Nonadherence to prescribed medication: an orphan killer epidemic
 
Nonadherence to prescribed medication for patients with chronic long-term conditions (LTCs) is an out-of-control epidemic, which is undetected and undertreated. It kills hundreds of thousands, erodes the life chances of millions, costs billions and is one of the biggest obstacles to effective healthcare in the 21st century. According to the World Health Organization (WHO), “increasing the effectiveness of adherence interventions may have far greater impact on the health of the population than any improvement in specific medical treatments”.
 
There are a number of reasons why people with LTCs stop taking their medication, which include: (i) fear of potential side-effects, (ii) lack of understanding because taking a medication every day to reduce the risk of something bad happening can be confusing, (iii) failure to see immediate improvement, (iv) too many medications that often cannot be taken at the same time, (v) patients who are depressed are less likely to take their medications as prescribed, (vi) concerns about becoming dependent on a medicine and (vii) high drug costs, particularly in the US.
 
No healthcare stakeholder - patients, doctors, carers, regulators, pharmacists, pharmaceutical companies and healthcare providers – has made nonadherence a priority, so it has become an orphan issue. We suggest that all health stakeholders have a role to play in nonadherence and would benefit  by employing psychological techniques designed to encourage people to change their behaviour. 
 
In this Commentary

Because nonadherence to medication has a significant prevalence in people living with LTCs, we begin this Commentary by describing the vast and rapid growth of LTCs and their associated eyewatering costs. The management of LTCs rests with primary care doctors, but the average doctor-patient consultation is just a few minutes and more importantly, the majority of patients do not remember most of the information provided in such consultations. Not only do primary care doctors have little time to prescribe and explain medication regimes, there is little incentive for them to address nonadherence. We raise the question of whether doctors might be part of the problem by  citing a seminal paper published in The Lancet in 1974, which suggests that doctors have a propensity to medicalise healthcare and over-prescribe medicines. This can transform reasonably healthy people into habitual patients.

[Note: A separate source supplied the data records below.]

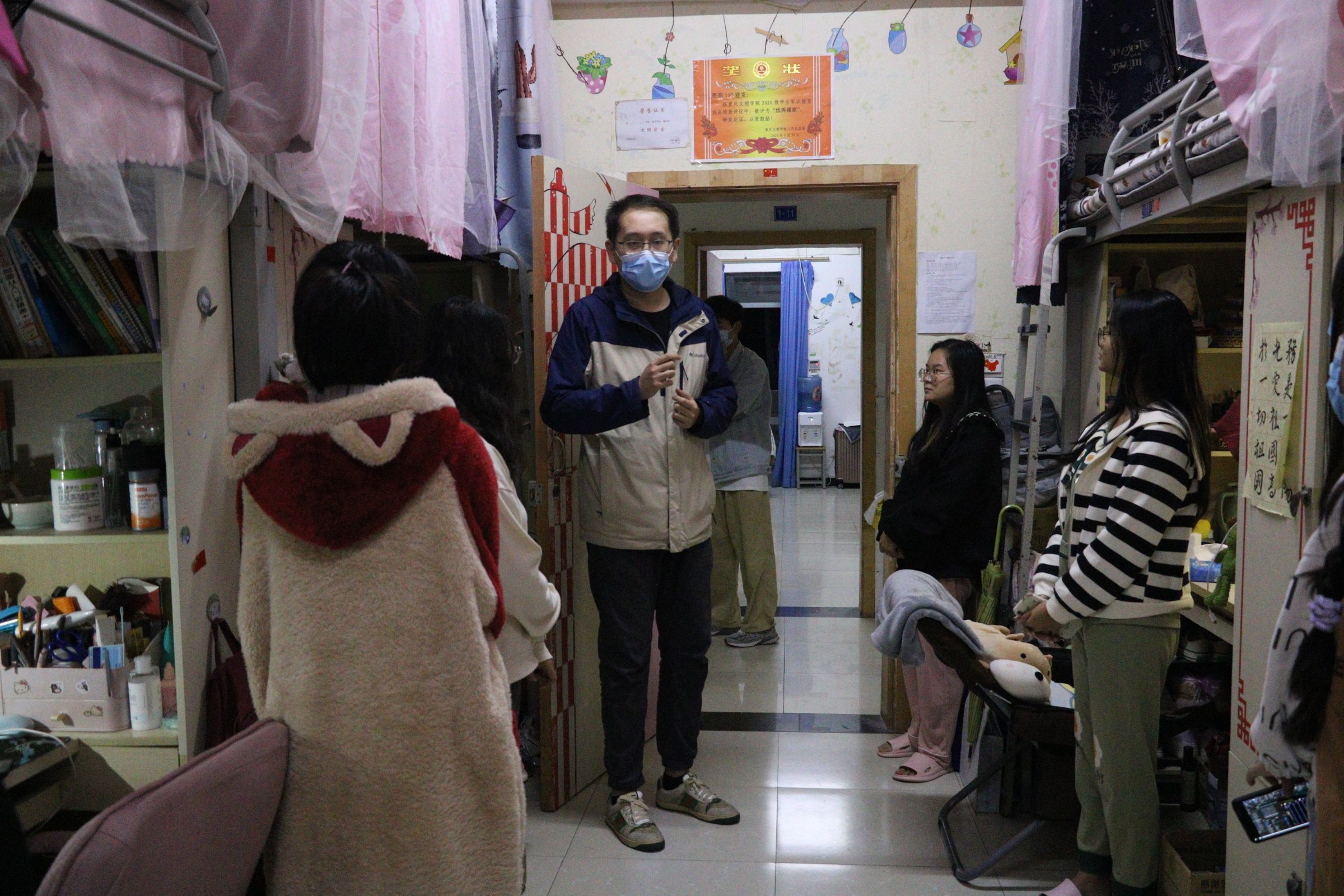 为深入了解学生思想动态和生活学习情况,切实加强疫情防控期间学生管理服务,提高学生防疫意识,10月31日至11月2日期间,学院党总支书记蒋礼文、副书记兼副院长张海龙、党政办主任徐建卿、21级辅导员冯继威带队走访学生寝室,给同学送去亲切地关怀和慰问。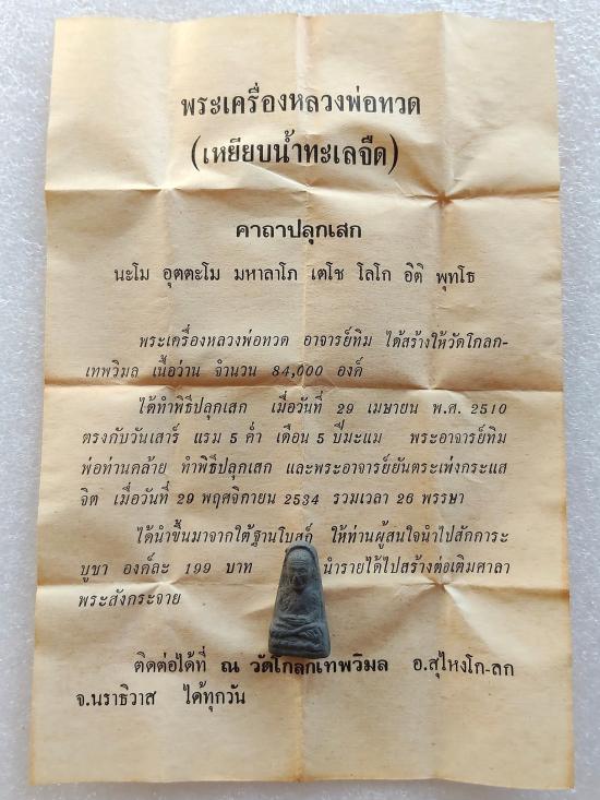 เคาะเดียวแดง ....หลวงปู่ทวดเนื้อว่าน วัดโกลกเทพวิมล อ.สุไหงโก-ลก จ.นราธิวาส ปี2510 พร้อมซองเดิมและใบกำกับ อาจารย์ทิม วัดช้างให้ พ่อท่านคล้าย วัดสวนขัน ปลุกเสก สภาพสวย |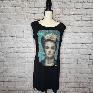 Ay Guey Tunic Top Graphic Frida Khalo Black Brown Split Sides Sleeveless NWT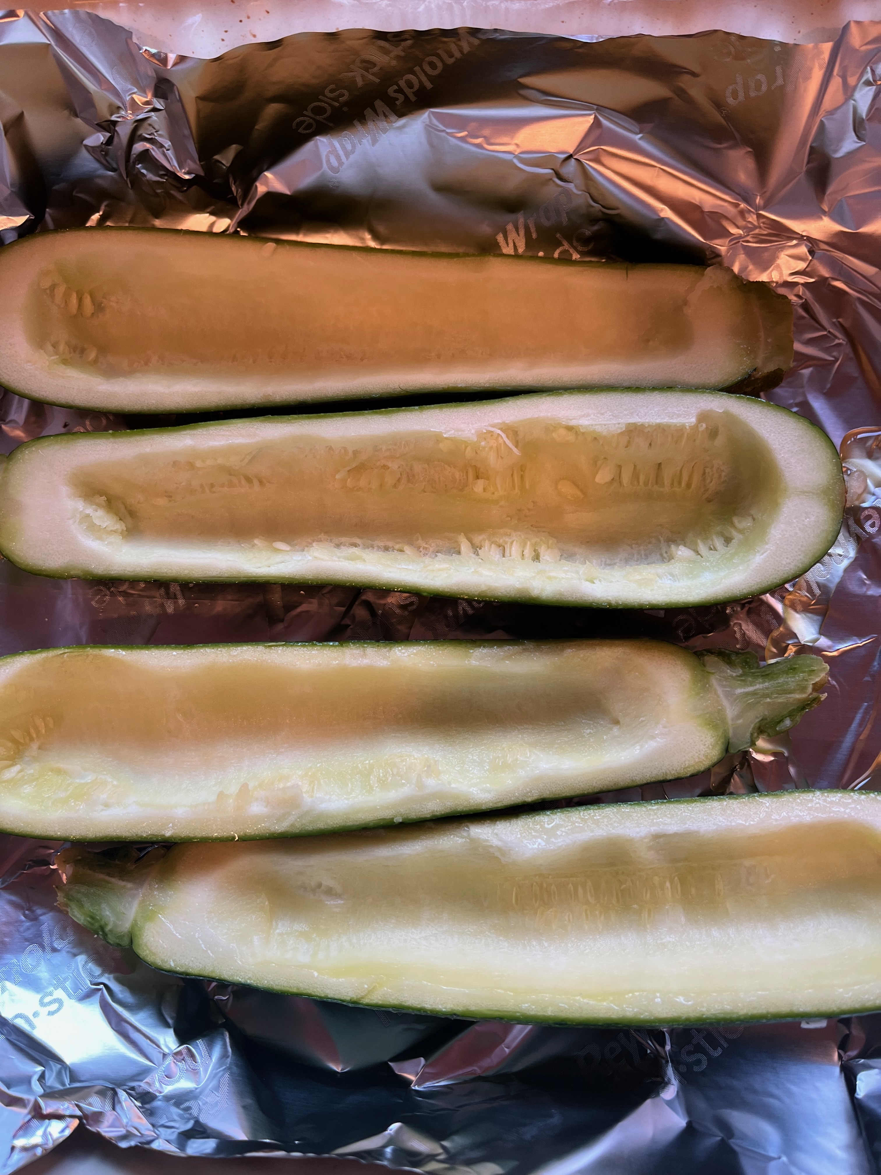 Wash the zucchinis and slice them in half. Using a spoon, scrape out the seeds in the middle of the zucchini, leaving a 1/3" (or so) wall.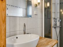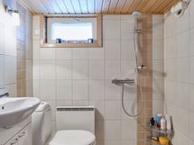 - Pesutilojen kuvaus: Yläkerran kylpyhuone 2007: suihkukaappi, WC-istuin, pesuallas, allaskaappi, peili. Koneellinen poisto, lattialämmitys.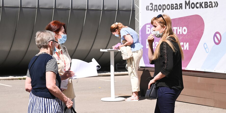На площадке волонтеры инструктируют жителей столицы, помогают заполнять анкеты перед прививкой и отвечают на важные вопросы. Также они выдают маски, следят за соблюдением безопасного расстояния и просто поддерживают хорошее настроение у горожан в очереди.

We then describe a trend gaining momentum both in the US and the UK, whereby community-based pharmacists are becoming a healthcare destination and are well positioned to play a significant role in denting the nonadherence epidemic.  We draw passing reference to pharmaceutical companies’ interest in reducing nonadherence. We conclude by describing a number of research studies, which examine the confluence of mobile telephony and advances in behavioural science, which facilitate the increased use of apps embedded with behavioural techniques to address nonadherence to prescribed medication. Despite the large and growing use of such apps, studies suggest that the use of behavioural techniques in mobile applications to address nonadherence is sub-optimal. Thus, there remains an  opportunity for using advances in behavioural theory and practice to promote sustained and significant lifestyle behaviour changes designed  to reduce the nonadherence to prescribed medication epidemic.
 
Impact of LTCs in the US and UK
 
LTCs, e.g. diabetes, chronic obstructive pulmonary disease (COPD), arthritis and hypertension, are diseases for which there is currently no cure and they are managed with drugs and other treatments. Each year in the US, LTCs affect about 133m people and this is projected to rise to 157m by 2025. According to a 2012  study published in the Annals of Internal Medicine, people who take prescription medicines for LTCs typically only take about half of the prescribed doses. The study’s findings were updated to estimate costs in US dollars to reflect inflation for 2016 prices and published in the March 2018 edition of theAnnals of Pharmacotherapy. The authors estimated that the, “annual cost of drug-related morbidity and mortality resulting from nonoptimized medication therapy was US$528.4bn, equivalent to 16% of total US healthcare expenditures in 2016”.  This compared to 8% and 13% in 1995 and 2008, respectively. Although this estimate accounts for overall price inflation, it does not include non-medical or indirect costs, such as lost productivity or caregiver expenses, which have been estimated to be more than the direct medical costs for many LTCs. Also, the authors estimated that nonadherence results in about 275,689 deaths each year. 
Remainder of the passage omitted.